The link from the docs should be a hint on how to get started, I personally don't have any plans to implement this right now unless someone pays me to :)
I managed to fixed this using this patch:
diff --git a/node_modules/react-native-fast-tflite/cpp/TensorflowPlugin.cpp b/node_modules/react-native-fast-tflite/cpp/TensorflowPlugin.cpp
index fbdc44f..81372c7 100644
--- a/node_modules/react-native-fast-tflite/cpp/TensorflowPlugin.cpp
+++ b/node_modules/react-native-fast-tflite/cpp/TensorflowPlugin.cpp
@@ -170,13 +171,6 @@ TensorflowPlugin::TensorflowPlugin(TfLiteInterpreter* interpreter, Buffer model,
std::shared_ptr<react::CallInvoker> callInvoker)
: _interpreter(interpreter), _delegate(delegate), _model(model), _callInvoker(callInvoker) {
// Allocate memory for the model's input/output `TFLTensor`s.

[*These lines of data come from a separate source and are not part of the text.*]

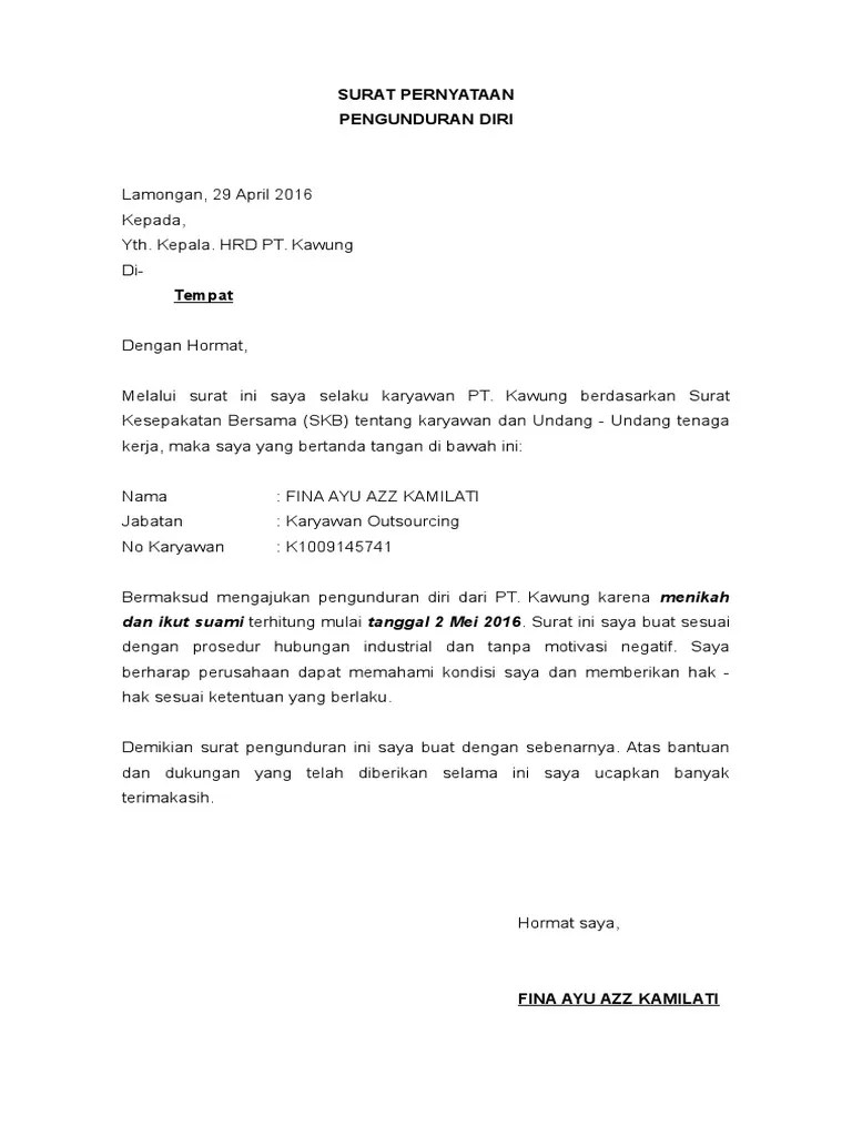 Contoh Surat Pengunduran Diri Kerja Outsourcing Contoh Lif Co Id
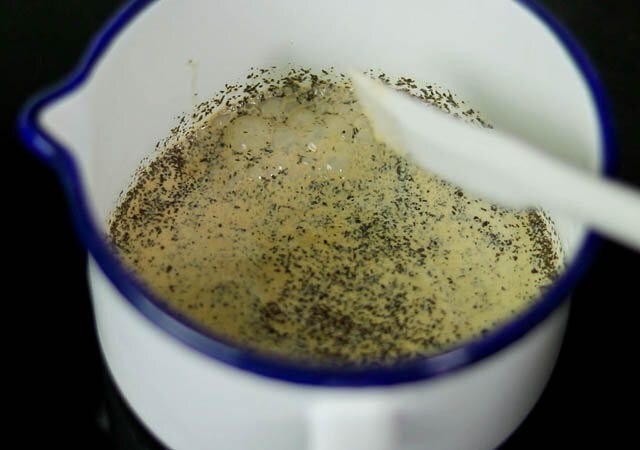 ① 生クリームとアールグレイの茶葉を小鍋に入れ、混ぜながら中火で加熱します。
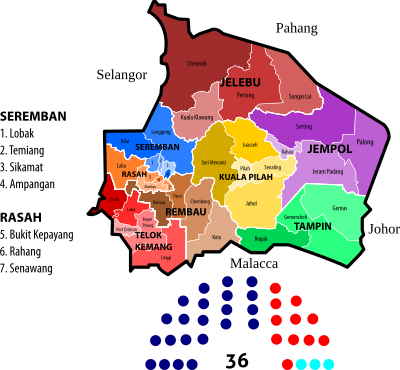 Map of the constituencies of the Negeri Sembilan State Legislative Assembly (Dewan Undangan Negeri Negeri Sembilan) as of 2015. Fine-tuned borders and added seat composition

- TfLiteStatus status = TfLiteInterpreterAllocateTensors(_interpreter);
- if (status != kTfLiteOk) {
- [[unlikely]];
- throw std::runtime_error("Failed to allocate memory for input/output tensors! Status: " +
- tfLiteStatusToString(status));
- }
-
log("Successfully created Tensorflow Plugin!");
}
@@ -213,9 +207,17 @@ void TensorflowPlugin::copyInputBuffers(jsi::Runtime& runtime, jsi::Object input
}
for (size_t i = 0; i < count; i++) {
- TfLiteTensor* tensor = TfLiteInterpreterGetInputTensor(_interpreter, i);
auto value = array.getValueAtIndex(runtime, i);
auto inputBuffer = getTypedArray(runtime, value.asObject(runtime));
+ int inputDimensions[] = {static_cast<int>(inputBuffer.length(runtime))};
+ TfLiteInterpreterResizeInputTensor(_interpreter, i, inputDimensions, 1);
+ TfLiteStatus status = TfLiteInterpreterAllocateTensors(_interpreter);
+ if (status != kTfLiteOk) {
+ [[unlikely]];
+ throw std::runtime_error("Failed to allocate memory for input/output tensors! Status: " +
+ tfLiteStatusToString(status));
+ }
+ TfLiteTensor* tensor = TfLiteInterpreterGetInputTensor(_interpreter, i);
TensorHelpers::updateTensorFromJSBuffer(runtime, tensor, inputBuffer);
}
}
@@ -230,6 +232,7 @@ jsi::Value TensorflowPlugin::copyOutputBuffers(jsi::Runtime& runtime) {
TensorHelpers::updateJSBufferFromTensor(runtime, *outputBuffer, outputTensor);
result.setValueAtIndex(runtime, i, *outputBuffer);
}
+
return result;
}
However, this solution has some drawbacks: Only one-dimensional input data for each input tensor is supported, as I wasn't able to determine the dimensions of the inputBuffer.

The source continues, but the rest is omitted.